Entropy and Mutual Information
Duration: 5 min
This module delves into the concepts of entropy and mutual information, crucial for understanding the relationships between variables in machine learning. Entropy measures the uncertainty or randomness of a random variable, while mutual information quantifies the amount of information obtained about one random variable through another. These concepts are vital for feature selection, model evaluation, and understanding dependencies in data.
Understanding Entropy
Entropy is a measure of the unpredictability or randomness of a random variable. In information theory, it quantifies the amount of information contained in a random variable. For a discrete random variable X with possible outcomes {x1, x2,..., xn} and probabilities P(X=xi), the entropy H(X) is defined as H(X) = -Σ P(X=xi) log P(X=xi).
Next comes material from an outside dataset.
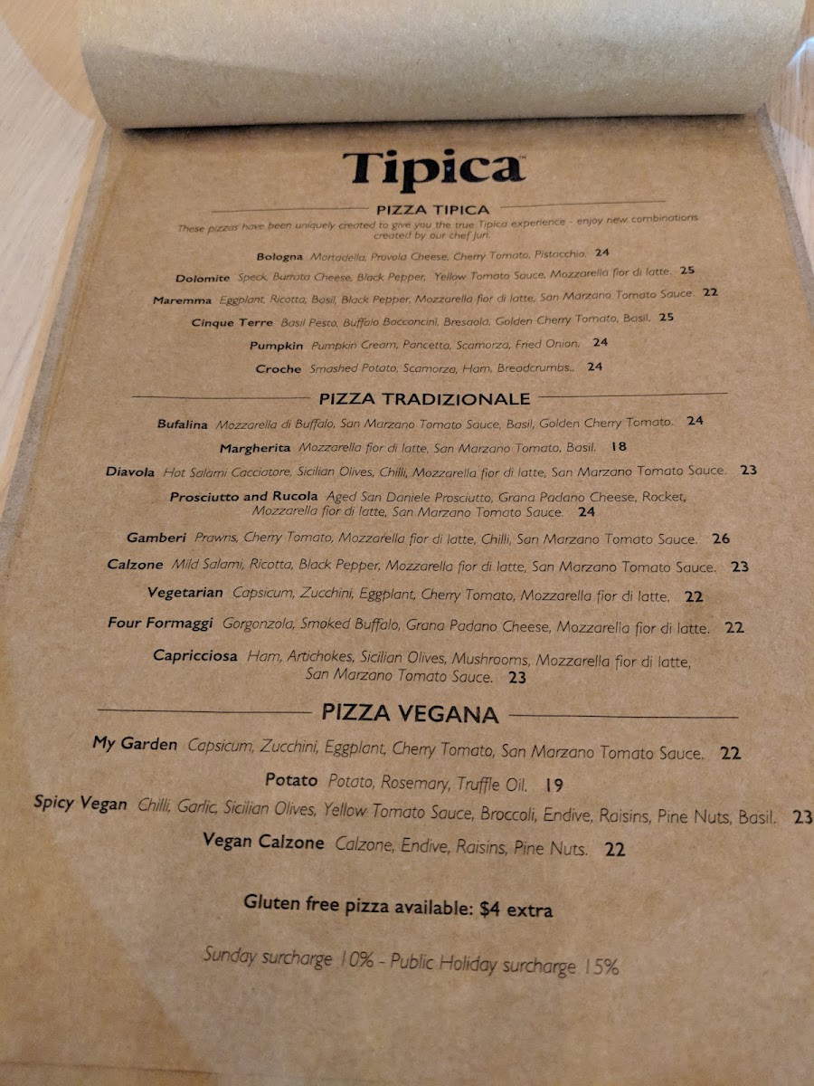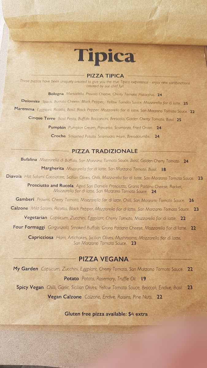 Wrapping up my menu deep-dive at Tipica Pizza Bondi Beach (78 Hall St, Bondi Beach NSW 2026), the selection feels like a confident, crowd-pleasing tour of Italian comfort-well balanced between shareable starters, fresh salads, hearty pasta, and pizzas that clearly anchor the experience. For a classic start, the Antipasti & Salads lineup-Tagliere Toscano, Prosciutto e Bufalo Mozzarella, Cerignola Large Green OlivesCarciofi Grigliati, and Mixed Olive Bowl-sets a convivial tone, while the Insalate choices (Insalata di Rucola e Pera, Panzanella, Caprese Salad) bring brightness and variety for anyone craving something lighter. The pasta section leans into satisfying flavours, from seafood-forward Spaghetti alle Vongole and Fusilli & Gamberi to bold, saucy options like Gnocchi Arrabbiata Sauce and the richer ragù-driven plates-Pappardelle al Ragú di Cinghiale and “His Majesty the Ragù”-that read like must-orders for comfort seekers. Families are well covered too, with a thoughtful KIDS MENU featuring Mickey Mouse Margherita Pizza, Mickey Mouse Margherita with Ham, Kids Tomato Fusilli, and Kids Bolognese beef ragu’ with Gnocchi. Pizza lovers can steer toward the more signature Pizza Tipica creations-Amalfi Pizza, Bologna Pizza, Cinque Terre PizzaCroche Pizza, Dolomite Pizza-or keep it timeless with Pizza Tradizionale staples like Bufalina Pizza, Margherita Pizza, Italiana PizzaNapoletana Pizza, and Diavola Pizza. Finish sweet with dessert classics and Nutella-leaning indulgence: Salame al Cioccolato, Tiramisù di Nonna Tilde, Nutella fried GnocchiNutella Pizza-a finale that feels unapologetically fun.
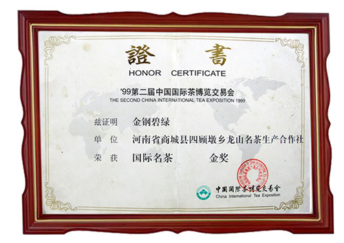 金刚碧绿获国际名茶金奖证书

Higher entropy indicates greater uncertainty.
import numpy as np
# Define probabilities
probabilities = np.array([0.1, 0.2, 0.3, 0.4])
# Calculate entropy
entropy = -np.sum(probabilities * np.log2(probabilities))
print('Entropy:', entropy)Entropy: 1.846439386536547Understanding Mutual Information
Mutual information measures the dependency between two random variables. It quantifies the amount of information obtained about one random variable through the other. For two discrete random variables X and Y, the mutual information I(X;Y) is defined as I(X;Y) = H(X) + H(Y) - H(X,Y), where H(X,Y) is the joint entropy of X and Y. Higher mutual information indicates a stronger dependency.
import numpy as np
from scipy.stats import entropy
# Define joint probability distribution
joint_prob = np.array([[0.1, 0.05, 0.05], [0.1, 0.3, 0.1], [0.1, 0.1, 0.2]])
# Marginal probabilities
marginal_x = np.sum(joint_prob, axis=1)
marginal_y = np.sum(joint_prob, axis=0)
# Calculate entropies
H_X = entropy(marginal_x, base=2)
H_Y = entropy(marginal_y, base=2)
H_XY = entropy(joint_prob, base=2, axis=None)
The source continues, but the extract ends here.